### Your goal
Among the lines below, restate word for word only those from the line with "Anillo de estilo" through the line with "A Comunidade dos", with both end lines kept.

Study material: Begin

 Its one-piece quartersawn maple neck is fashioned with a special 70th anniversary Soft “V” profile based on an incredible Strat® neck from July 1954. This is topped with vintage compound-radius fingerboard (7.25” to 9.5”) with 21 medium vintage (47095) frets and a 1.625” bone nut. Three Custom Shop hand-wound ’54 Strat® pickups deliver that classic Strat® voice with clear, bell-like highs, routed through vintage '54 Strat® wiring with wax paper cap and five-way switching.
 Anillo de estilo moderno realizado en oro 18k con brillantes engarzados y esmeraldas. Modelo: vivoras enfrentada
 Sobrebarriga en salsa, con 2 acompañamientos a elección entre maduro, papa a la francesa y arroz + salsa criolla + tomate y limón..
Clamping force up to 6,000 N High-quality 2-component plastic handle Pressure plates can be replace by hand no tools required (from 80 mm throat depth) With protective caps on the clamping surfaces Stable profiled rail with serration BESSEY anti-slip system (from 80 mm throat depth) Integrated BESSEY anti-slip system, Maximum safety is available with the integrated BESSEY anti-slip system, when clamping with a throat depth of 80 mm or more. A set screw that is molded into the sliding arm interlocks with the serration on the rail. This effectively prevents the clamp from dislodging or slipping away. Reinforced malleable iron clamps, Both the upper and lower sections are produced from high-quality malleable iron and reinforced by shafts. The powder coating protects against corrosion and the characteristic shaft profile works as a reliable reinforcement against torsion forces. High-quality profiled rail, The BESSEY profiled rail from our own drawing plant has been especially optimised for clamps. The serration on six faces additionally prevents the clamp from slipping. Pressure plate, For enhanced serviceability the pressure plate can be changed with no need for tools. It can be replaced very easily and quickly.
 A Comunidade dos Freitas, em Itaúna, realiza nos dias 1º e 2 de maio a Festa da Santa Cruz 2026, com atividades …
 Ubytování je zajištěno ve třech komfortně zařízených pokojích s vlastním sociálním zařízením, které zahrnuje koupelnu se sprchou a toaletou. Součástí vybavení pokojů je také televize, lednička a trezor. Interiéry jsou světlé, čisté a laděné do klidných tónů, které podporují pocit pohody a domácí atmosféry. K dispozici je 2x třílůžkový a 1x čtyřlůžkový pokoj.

Study material: End

### Written answer
 Anillo de estilo moderno realizado en oro 18k con brillantes engarzados y esmeraldas. Modelo: vivoras enfrentada
 Sobrebarriga en salsa, con 2 acompañamientos a elección entre maduro, papa a la francesa y arroz + salsa criolla + tomate y limón..
Clamping force up to 6,000 N High-quality 2-component plastic handle Pressure plates can be replace by hand no tools required (from 80 mm throat depth) With protective caps on the clamping surfaces Stable profiled rail with serration BESSEY anti-slip system (from 80 mm throat depth) Integrated BESSEY anti-slip system, Maximum safety is available with the integrated BESSEY anti-slip system, when clamping with a throat depth of 80 mm or more. A set screw that is molded into the sliding arm interlocks with the serration on the rail. This effectively prevents the clamp from dislodging or slipping away. Reinforced malleable iron clamps, Both the upper and lower sections are produced from high-quality malleable iron and reinforced by shafts. The powder coating protects against corrosion and the characteristic shaft profile works as a reliable reinforcement against torsion forces. High-quality profiled rail, The BESSEY profiled rail from our own drawing plant has been especially optimised for clamps. The serration on six faces additionally prevents the clamp from slipping. Pressure plate, For enhanced serviceability the pressure plate can be changed with no need for tools. It can be replaced very easily and quickly.
 A Comunidade dos Freitas, em Itaúna, realiza nos dias 1º e 2 de maio a Festa da Santa Cruz 2026, com atividades …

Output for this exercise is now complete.